Toth v. Lenk, 3--874A138

Citation164 Ind.App. 618,330 N.E.2d 336
Decision Date30 June 1975
Docket NumberNo. 3--874A138,3--874A138
PartiesFrank TOTH, Plaintiff-Appellant, v. George G. LENK, M.D., Defendant-Appellee.
CourtCourt of Appeals of Indiana

Max E. Hobbs, Willis, Hobbs, Connor & Brown, Fort Wayne, for plaintiff-appellant.

James V. Donadio, Ice, Miller, Donadio & Ryan, Indianapolis, Sol Rothberg, Rothberg, Gallmeyer, Fruechtenicht & Logan, William F. McNagny, Barrett, Barrett & McNagny, Fort Wayne, Benton E. Gates, Gates, Gates & McNagny, Columbia City, for defendant-appellee.

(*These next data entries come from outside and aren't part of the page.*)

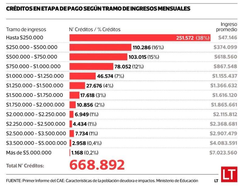 El informe, que analizó los datos de 669 mil deudores que estaban en etapa de pago hasta diciembre de 2020, arrojó que el 69% de las y los deudores en etapa de pago posee ingresos mensuales inferiores a $ 750.000 y el 81% tiene ingresos menores a $ 1.000.000.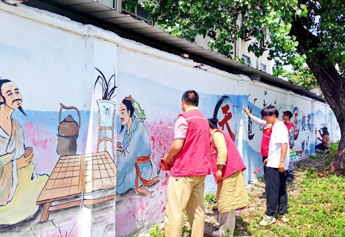 活动前期,汤渡社区特邀墙绘专业老师在陶都中学河对面的墙面上创作了一系列以画里汤渡为主题的墙绘。这些墙绘作品不仅展现了地方特色文化,也让社区居民得到了美的享受。活动现场,陶都中学的学生和志愿者们热情高涨,他们在专业墙绘老师的指导下,增添了“励志青春”、“梦想启航”等正能量标语。这些富有激励意义的言语旨在激发学生们的学习热情和向上精神,营造一个充满艺术气息和积极向上的学习氛围。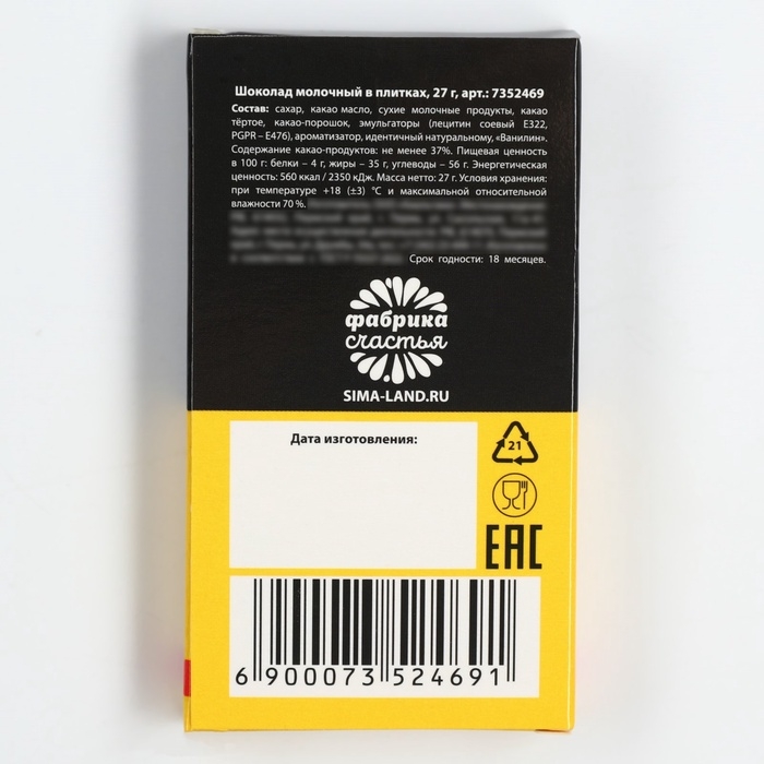 Шоколад молочный «Халява»: 27 г.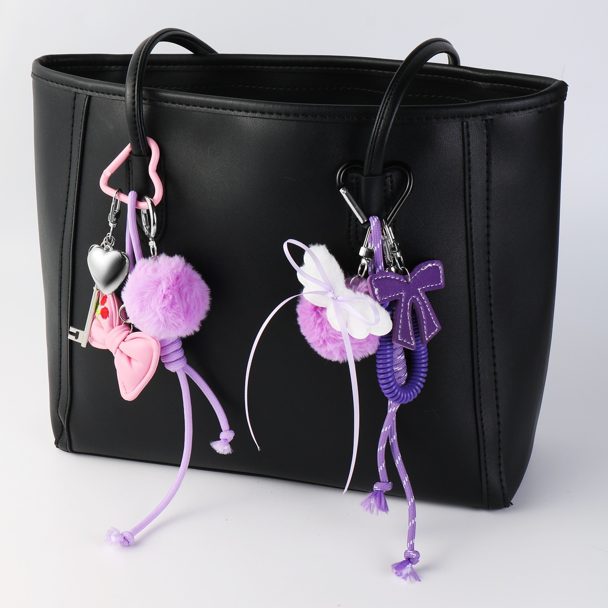 クロスボーダー爆金insトレンド甘いクール高颜値模造真珠毛玉蝶ネクタイ愛小包DIYキーホルダー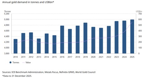 Zoom out, and the fundamentals scream “bullish” louder than ever. Total gold demand shattered records in 2025, surging past 5,000 tonnes for the first time in history. A staggering milestone driven by a relentless investment appetite for ETFs, bars, and coins alike from central banks, corporations, and retail buyers. The chart lays it bare: Demand lingered around 4,000-4,500 tonnes through the 2010s, then exploded higher, crossing the 5,000-tonne threshold posting an annual value of beyond $550 billion amid all-time high prices.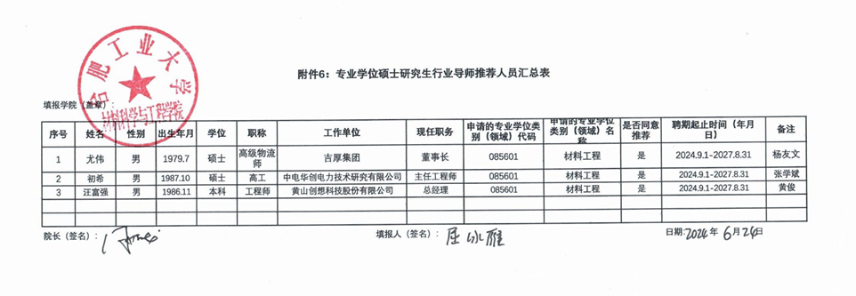 根据《关于开展2024年度专业学位硕士研究生行业导师选聘工作的通知》要求,开云官方官网登录入口学位分委员会组织资格评审,对申报人员的申请材料进行了审议,现将符合专业学位硕士研究生行业导师推荐人员材料进行公示: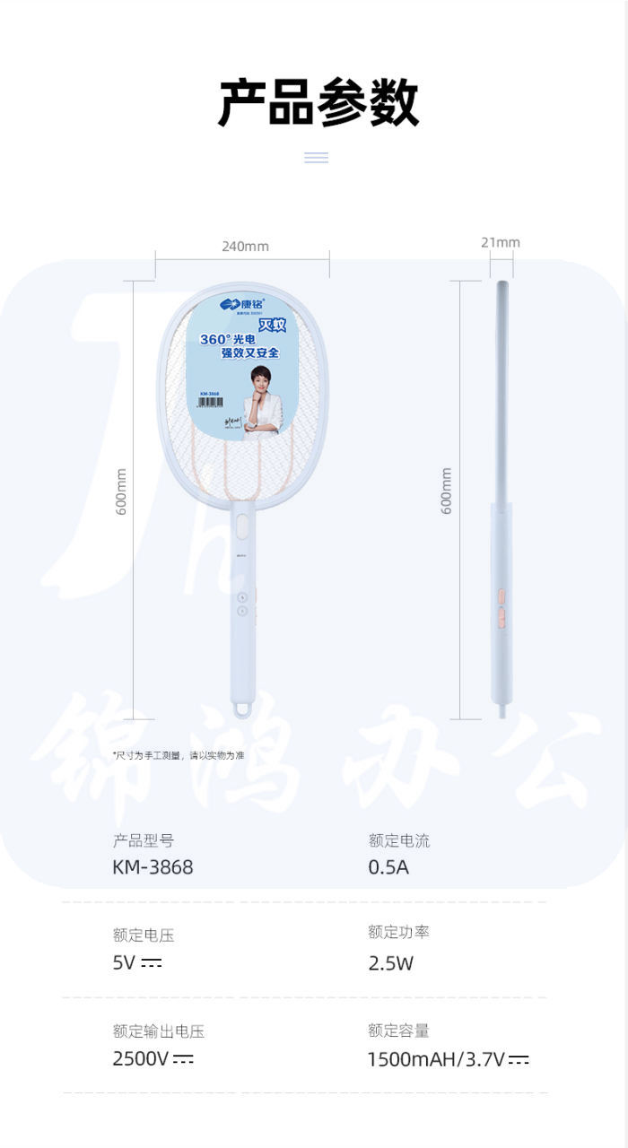 康铭电蚊拍 苍蝇拍 充电式蚊蝇拍KM-3868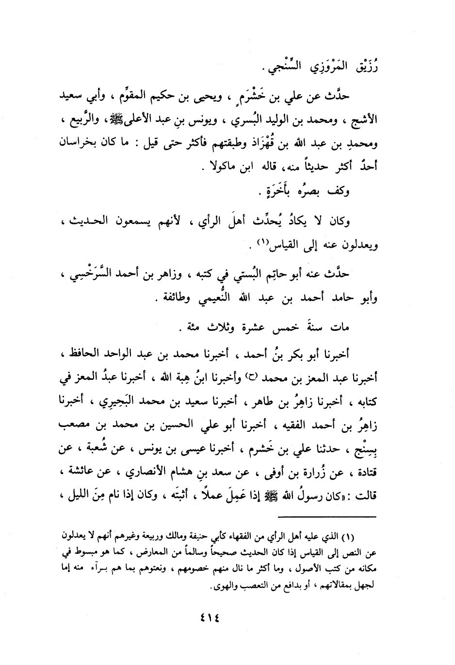 وَكَانَ لاَ يَكَادُ يُحَدِّثُ أَهْلَ الرَّأْيِ؛ لأَنَّهُم يَسْمَعُوْنَ الحَدِيْثَ وَيَعْدِلُوْنَ عَنْهُ إِلَى القِيَاسِ (1) .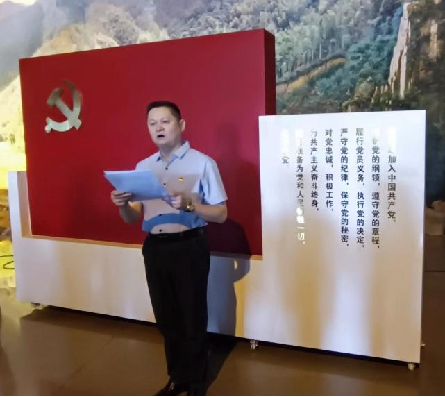 讲话结束后,,,,集团党委书记方晓强带领全体党员面对鲜红的党旗,,重温入党誓词,,,,“我志愿加入中国共产党,,,,拥护党的纲领,,遵守党的章程.......”,,铿锵有力、、、掷地有声的誓言表达了党员们奋斗的决心和承诺。。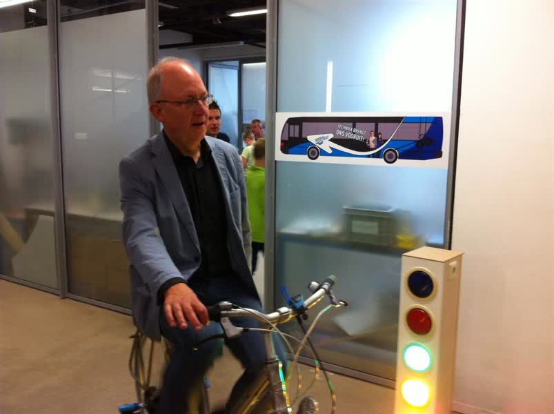 De jeugdige leerlingen maakten vandaag een hoop duurzame gadgets. Zo waren ze in de weer met een zonnewijzer, een caleidoscoop een kompas en hielden ze energietestjes. "Door te fietsen wekten ze wattage op en bekijken ze waar de energie beter behouden bleef: in een huis met óf zonder isolatie", aldus techniekleraar André Bijenhof.
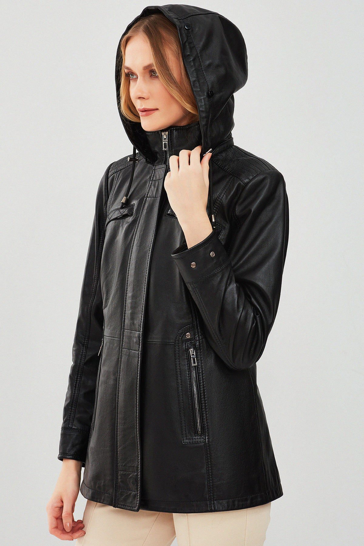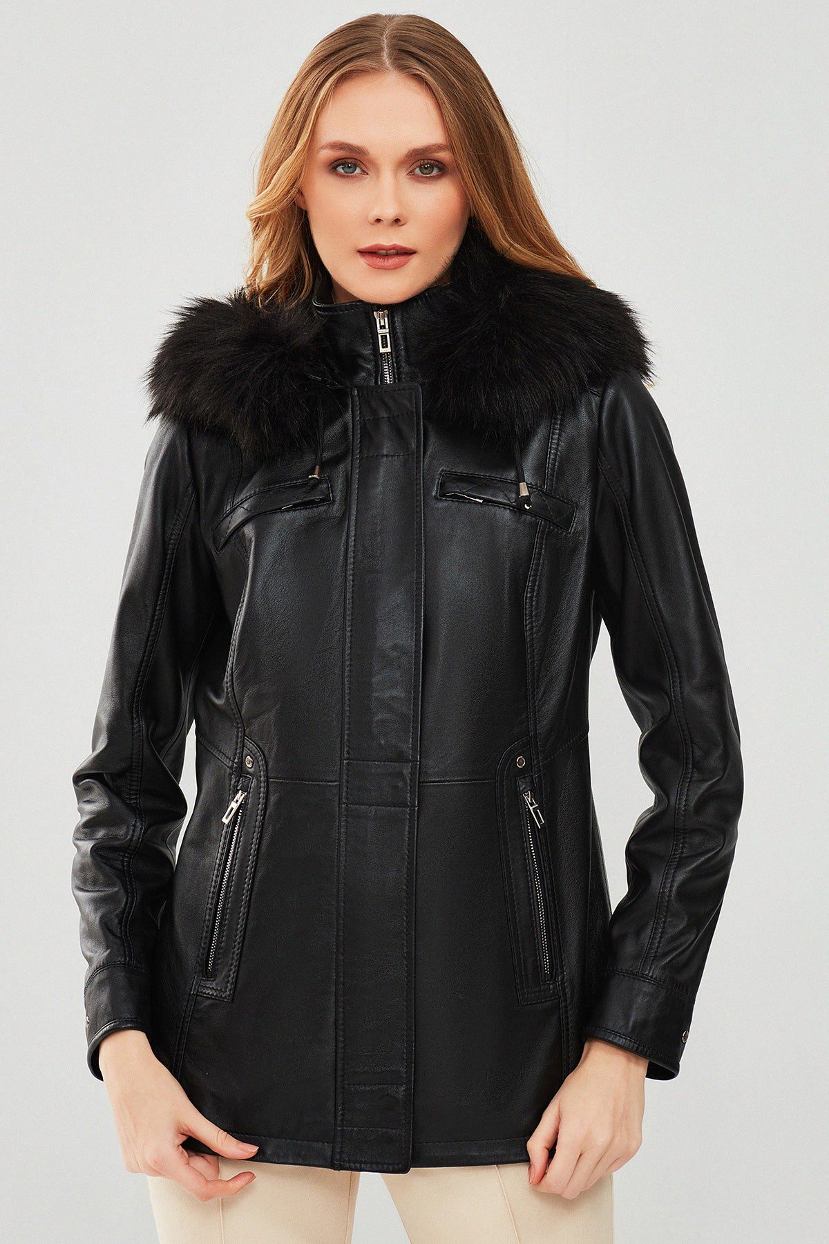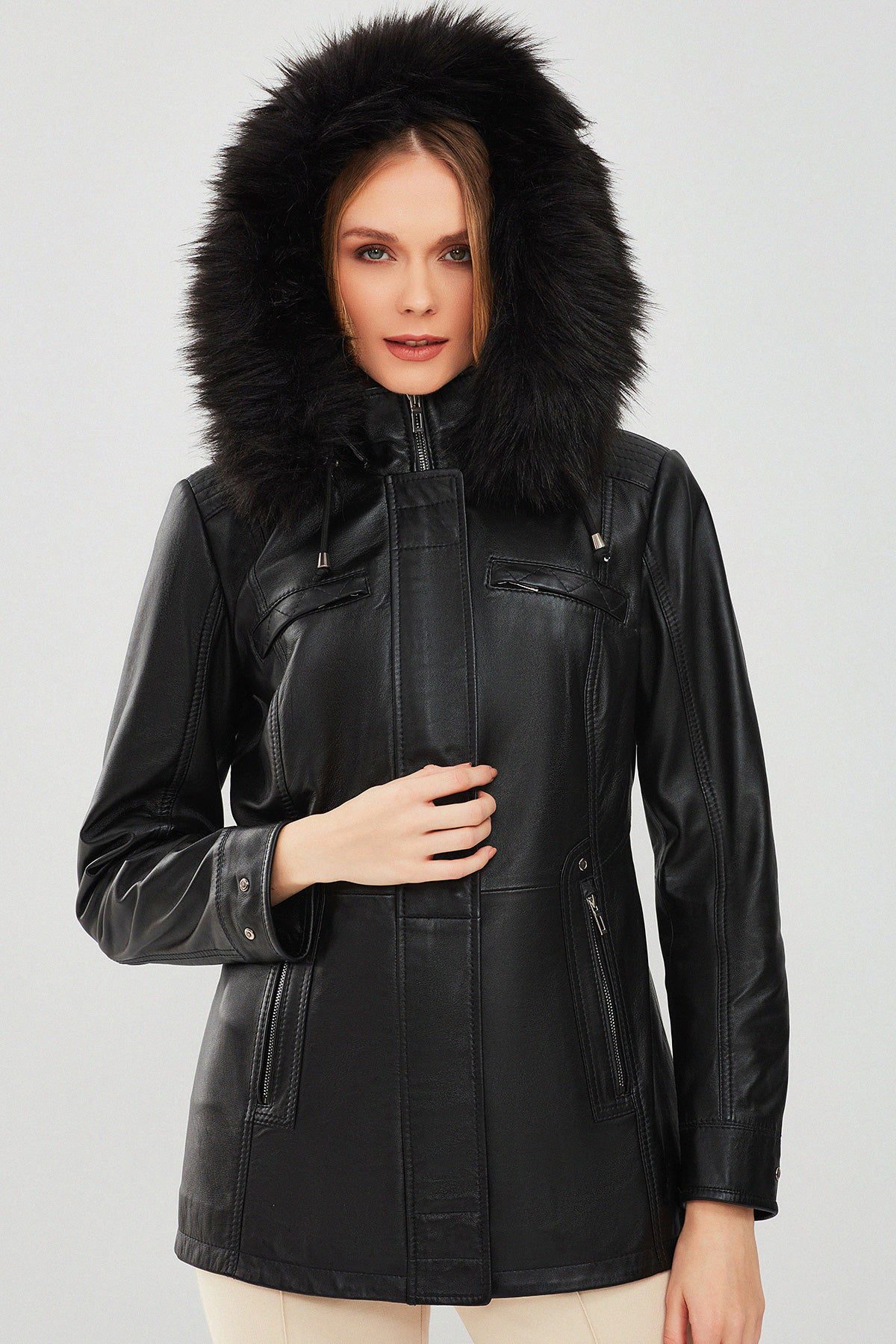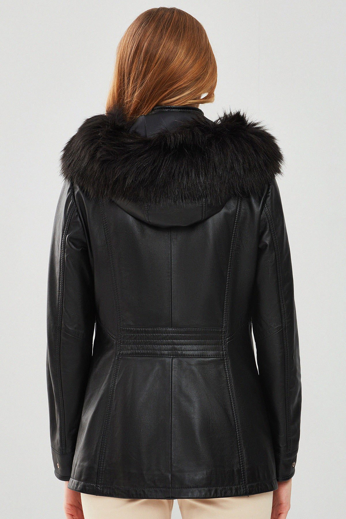 Betty Kadın Siyah Kapüşonlu Kürklü Deri Kaban

In 1968 Frank Toth (Toth) suffered an industrial injury for which he was treated by Dr. Lenk. Treatment continued from October 9, 1968, until early April 1969. Although Toth continued to experience problems, he did not return to Dr. Lenk for further treatment. In May and June 1969, Toth returned to his native Hungary. While there, he consulted another physician for treatment regarding his condition. He had five or six consultations with that doctor. He then returned to the United States, and saw Dr. Lenk for a required re-employment physical before resuming his former employment. Toth testified in his discovery deposition that he had in fact lost faith in Dr. Lenk and decided not to seek further treatment from him. On June 7, 1970, he consulted a third doctor and allegedly for the first time actually learned of Dr. Lenk's asserted failure to properly diagnose his condition. On June 6, 1972, he brought this action against Dr. Lenk for malpractice. The trial court granted Lenk's motion for summary judgment based upon the statute of limitations, and Toth appeals.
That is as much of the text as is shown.